Brand Experience Report: Industry challenges

In our final teaser feature before the full Brand Experience Report is revealed, Event takes a look at some of the key challenges affecting the industry.

We take a look at what challenges experiential agencies are facing
We take a look at what challenges experiential agencies are facing

Among the challenges cited by agencies in our research for the Brand Experience Report were commonly raised issues such as the lengthening of payment terms, elaborate and expensive pitch process, new players in the market and the difficulty in measuring return on investment (ROI). However there were other possible threats to the industry which gave pause for thought, such as virtual and augmented reality (VR and AR) for example. It is viewed by many as being a huge development in the industry and a driver for innovation and new experiences.

Nick Adams, managing director of Sense makes an interesting point that one particular challenge for him is how best to harness and see the benefit from technology. He said: "For example, with VR, lots of experiential campaigns have transported people to different worlds through sets and great creative ideas, but if teams no longer to have to think in that way and VR can do all of that, there could be less diversity and creativity in the live space."

He adds that where VR can’t take over from the live experience is that is doesn’t have such good brand visibility. "There is also no sharing of the experience at the time - it is a very direct experience," he continued. "I think experiential agencies should take a bit more of a considered view of it and how it could affect the industry long term."

Another challenge Adams mentioned was the difficulty in sometimes having a conversation with the right level of person on the client side. "Sometimes the business challenge is bigger than the client anticipates and you need to get in front of the right senior level marketeers. 

Diversity in the workplace

Hugh Robertson, founding partner and CEO, RPM, believes the industry needs to work on being more diverse in terms of its workforce. 

In Event’s recent Careers Survey at the beginning of this year, we found that 67% of all MDs polled were male, and despite the high proportion of women who took part in the research, compared to men, only 3% of the females surveyed were currently at MD level, compared to 39% of male respondents.

Says Robertson: "As an industry we need to challenge the norm and improve the diversity of our industry, and make significant progress addressing the discrepancies in gender equality and industry wide initiatives to tackle societal/social mobility."

And it’s not just diversity in demographics that he thinks the industry needs, but also diversity of thought and the understanding of culture and society which he feels "are key to our industry’s success". "Failure to address this imbalance adversely affects the quality and relevance of our work.

The big ROI debate

Mark Stringer, founder of Pretty Green says that for his agency, and for the industry as a whole, he finds that being clear on commercial returns and showing value to procurement and marketing teams is always vital. "If experiential is to grow as a key player in marketing then proving ROI is vital, otherwise it will still be the first to be removed when budgets are cut."

Budgets are something Claire Stokes, founder and managing director at Circle Agency also recognises as an issue. "A key challenge to our industry is both a threat and an opportunity," she says. "As digital spend threatens budget across the marketing spectrum, we do see a trend that means we are frequently being made to justify our ROI over that of online."

That said, Stokes says she really believes that our reliance on digital/e-commerce and social will, in the long run, increase the requirement for brands to have a human voice. "To be present and allow their customers to have a human, tactile experience with a brand, or the connection, and therefore the loyalty, won’t be as strong," she explains. 

Snapshot views: What key challenges are currently defining agency life and the broader event industry?

Emma Ede, managing director, ID: "Procurement led marketing means that in most cases agencies are working against tighter budgets, shorter lead times and longer pitch processes.

Additionally, integrated agencies are now setting up experiential divisions in-house.

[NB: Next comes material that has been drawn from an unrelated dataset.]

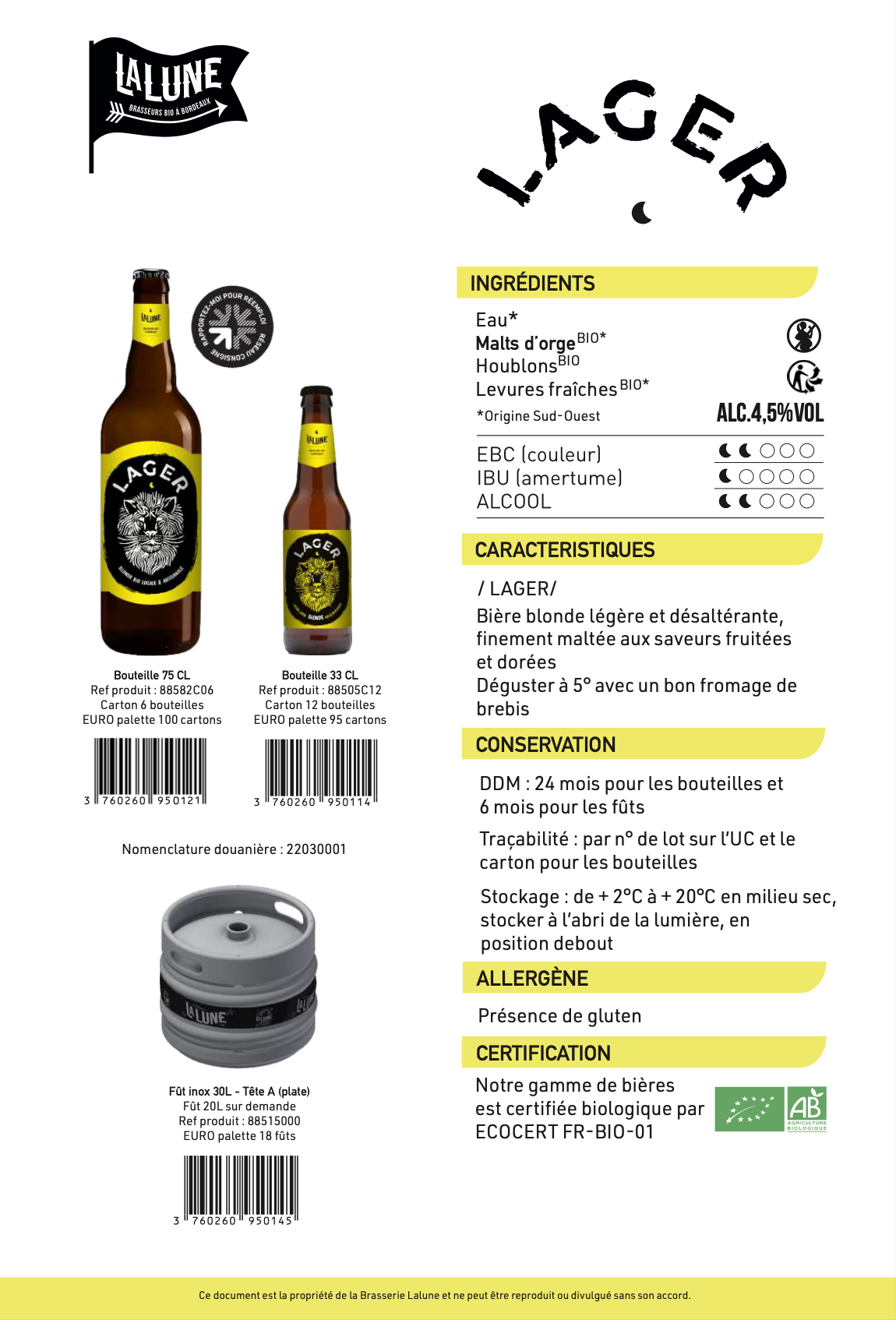 Si tu aimes nager au milieu des silures, pagayer à contre-courant sur la Garonne ou glander sur la plage en attendant le rayon vert qui ne viendra jamais, alors notre Lager est faite pour toi. Fruitées et dorées, ses notes feront dérouler en toi un tourbillon de saveurs capable de faire renaitre tes instincts les plus sauvages.

This often results in media and experiential budgets being combined and experiential briefs not being pitched out to specialist agencies."

Aimee Okafor, director, Closer: "At Closer we are focused on three key challenges: the digitisation of experience, the diminished attention spans of the audience (who now wants to stop and engage?) and keeping the human touch in the digital age."

Sarah Yeats, client services director at Sledge: "It depends what side of the fence you sit, whether you are an independent or part of a larger group.  As an independent it is all about fighting for market share in a crowded market place, being able to provide a value proposition that you can make a realistic margin on."